> **PROVIDED DATA**
----------------------------------------
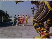 Cuts follow-up Ranger shots. Cuts all usable later footage, including Megazord battle. |
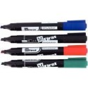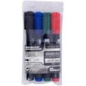 Pochette de 4 marqueurs permanents indélébiles universel First pointe biseautée 1 à 5mm assortis. Corps plastique. Pointe haute résistance. Encre à base d''alcool à faible odeur. Séchage rapide. Sans toluène ni xylène. Marque sur métal, verre, bois, plastique, carton. Résiste à la lumière. Grande durée d''utilisation. Coloris bleu, noir, rouge et vert.
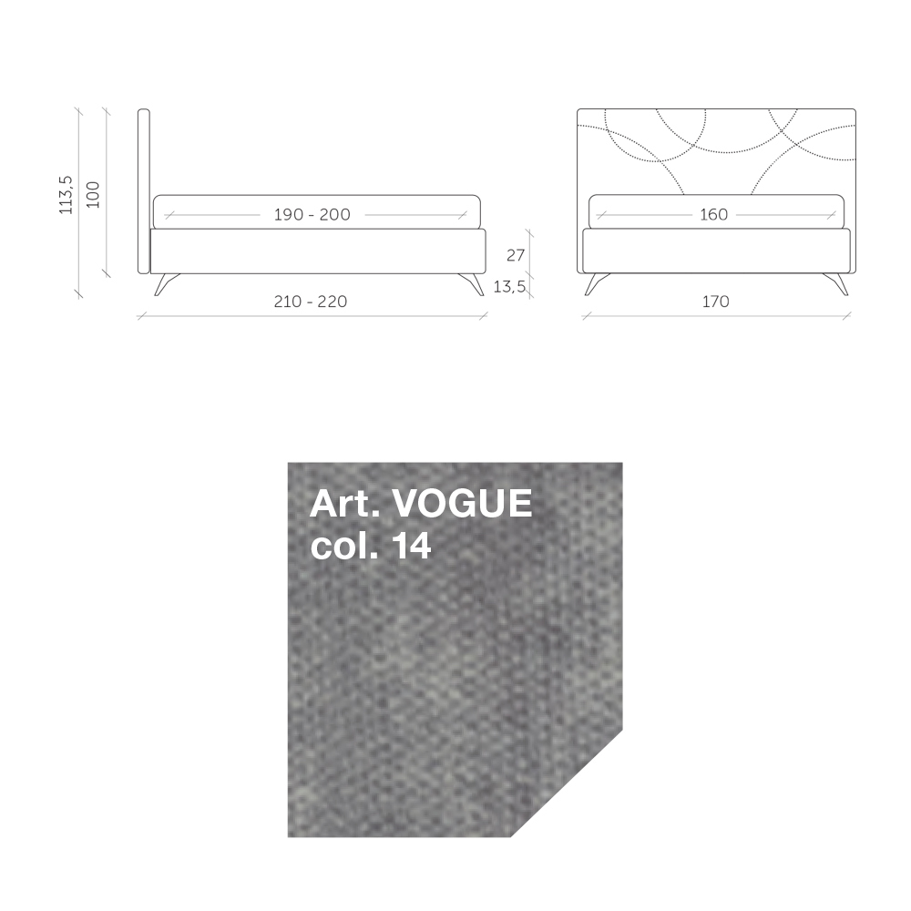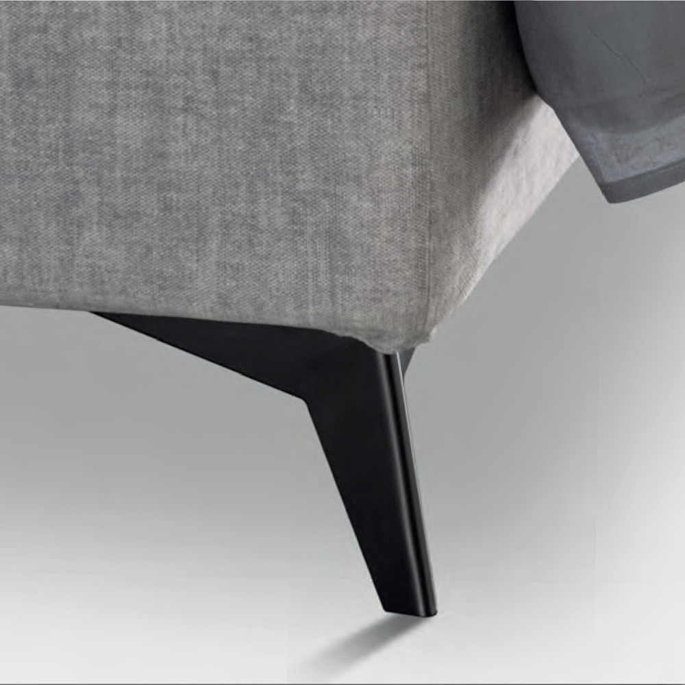 metalice cu finisaj antracit (inaltime 13,5 cm) si tablie de pat groasa din material ignifug, realizata printr-un proces special de matlasare a curbelor incrucisate care ii evidentiaza moliciunea si ii confera o personalitate puternica.
----------------------------------------
> **WHAT TO PRODUCE**
From the line containing "Pochette de 4" down to the final line of the material, restate every line word for word, and only those; drop the pictures.

> **ANSWER TO THIS TASK**
 Pochette de 4 marqueurs permanents indélébiles universel First pointe biseautée 1 à 5mm assortis. Corps plastique. Pointe haute résistance. Encre à base d''alcool à faible odeur. Séchage rapide. Sans toluène ni xylène. Marque sur métal, verre, bois, plastique, carton. Résiste à la lumière. Grande durée d''utilisation. Coloris bleu, noir, rouge et vert.
 metalice cu finisaj antracit (inaltime 13,5 cm) si tablie de pat groasa din material ignifug, realizata printr-un proces special de matlasare a curbelor incrucisate care ii evidentiaza moliciunea si ii confera o personalitate puternica.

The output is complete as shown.